**ACTION ITEM:**
Copy out the data exactly as it appears, without a single image.

**INFORMATION SHOWN:**
^^^^^^^^

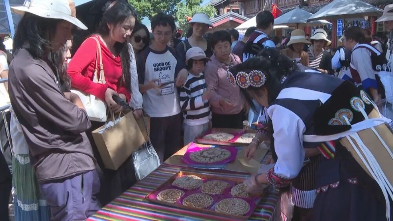 在麗江古城景區(qū),游客參與制作納西傳統(tǒng)月餅。(麗江融媒記者 木雯嬌 攝)
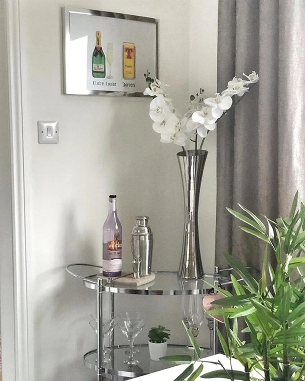 If you love entertaining or mixing drinks, setting up a nifty bar cart is not only convenient but a way to show off that side of you as well. Claire styles her bar cart simply, parking it in a corner beneath a sweet illustration of her and her partner’s favourite drinks. Cool, personalised artwork aside, it’s great as a conversation starter too!
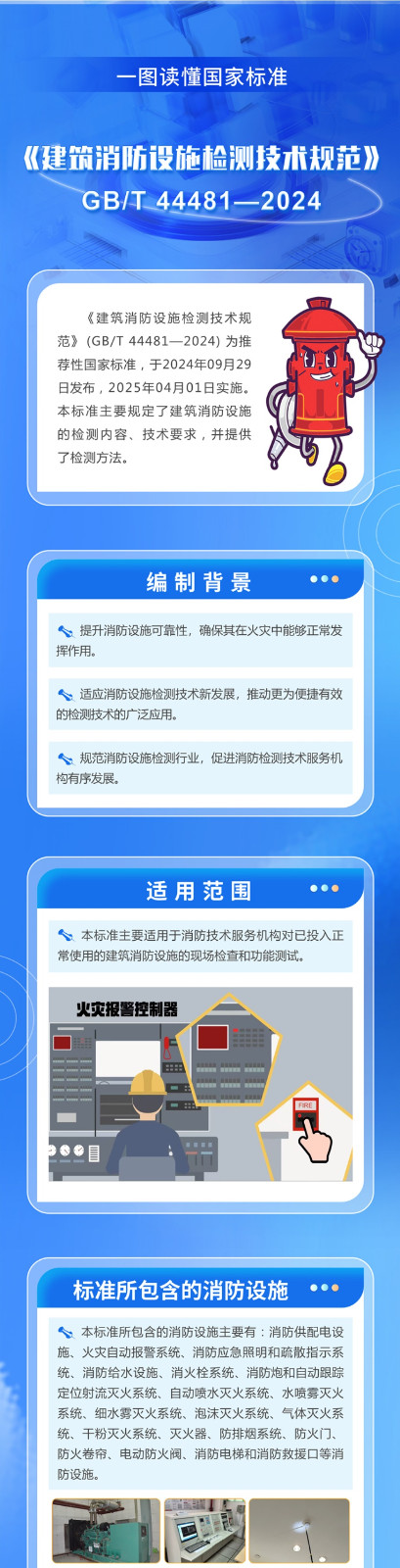 9月29日,国家市场监督管理总局(国家标准化管理委员会)批准发布《建筑消防设施检测技术规范》(GB/T 44481—2024)国家标准,将于2025年4月1日正式实施。

^^^^^^^^

**RESPONSE AREA:**
 在麗江古城景區(qū),游客參與制作納西傳統(tǒng)月餅。(麗江融媒記者 木雯嬌 攝)
 If you love entertaining or mixing drinks, setting up a nifty bar cart is not only convenient but a way to show off that side of you as well. Claire styles her bar cart simply, parking it in a corner beneath a sweet illustration of her and her partner’s favourite drinks. Cool, personalised artwork aside, it’s great as a conversation starter too!
 9月29日,国家市场监督管理总局(国家标准化管理委员会)批准发布《建筑消防设施检测技术规范》(GB/T 44481—2024)国家标准,将于2025年4月1日正式实施。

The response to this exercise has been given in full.